No not mine unfortunately....Oh and not at Salt Fork....


http://www.muskyhunter.com/general/bass-anglers-first-musky-inch-giant-2/


----------



## promag (Aug 21, 2011)

That's incredible. 

promag


----------



## griffith330 (Apr 3, 2006)

That was a great save him diving down to get it after releasing it!!


----------



## Snakecharmer (Apr 9, 2008)

griffith330 said:


> That was a great save him diving down to get it after releasing it!!


That part of the story is a little hard for me to believe. 17 feet is pretty deep to dive and also to see a fish on the bottom. I could believe 10-12 feet but who knows. I'd like to see the video. Youtube maybe?


----------



## KaGee (Sep 8, 2006)

Not trying to stir the pot are ya??


----------



## backlashed (Mar 19, 2011)

Diving 17' is a prescription for ruptured ear drums.

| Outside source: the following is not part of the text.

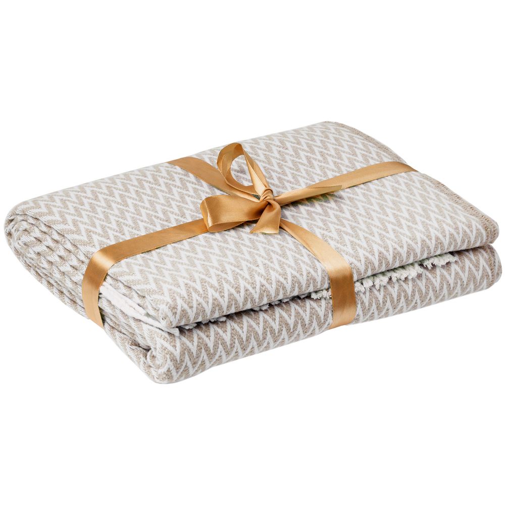 Плед Sagunt с ненавязчивым зигзагообразным узором и аккуратной бахромой подарит мгновения уюта и радости, порадует своим нежным дизайном и окутает теплом.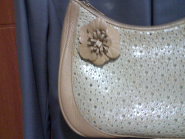 핸드백은 정장과 너무 잘 어울리는 예쁘고 상큼한 거 ~  작아도 아주 고가 에요 ^^

Pretty dang hard to do with clothes on too.

However, great story and one heck of a fish! On 8# line and I'm sure no leader.


----------



## crittergitter (Jun 9, 2005)

That is an amazing fish. Just amazing! Now, I have to buy some 4" senkos for my musky box.


----------



## Scum_Frog (Apr 3, 2009)

One time I caught a 15" crappie....let it go and it went straight to the bottom and layed there....I jumped in and swap down 480' to bring it back to the top to revive it....did mouth to mouth for 10 minutes and fish finally swam away.....i felt good....lol

all jokin aside....GREAT fish and pretty good story! Those unexpected catches are great!


----------



## MuskieJim (Apr 11, 2007)

This fish is basically the same strain that muskie hunters target on the St Lawrence river in the fall. It's massive and I love the story. They said 17' because that is what the depth finder said. I snorkel and dive, 17' is down there but for the cause I think I could do it. Either way I applaud the guys enthusiasm


----------



## firstflight111 (May 22, 2008)

thats a whole lot of good eating right there


----------



## MuskieJim (Apr 11, 2007)

firstflight111 said:


> thats a whole lot of good eating right there


Haha we're all glad YOU didn't catch it


----------



## firstflight111 (May 22, 2008)

oh i eat my fill of them of them every year ..have you ever had them ..it's better then eyes ..there best out of the cold water ..


----------



## radar3321 (Feb 27, 2012)

Amazing

Outdoor Hub mobile, the outdoor information engine


----------



## Tatonka (Aug 23, 2007)

Damn that thing is huge


----------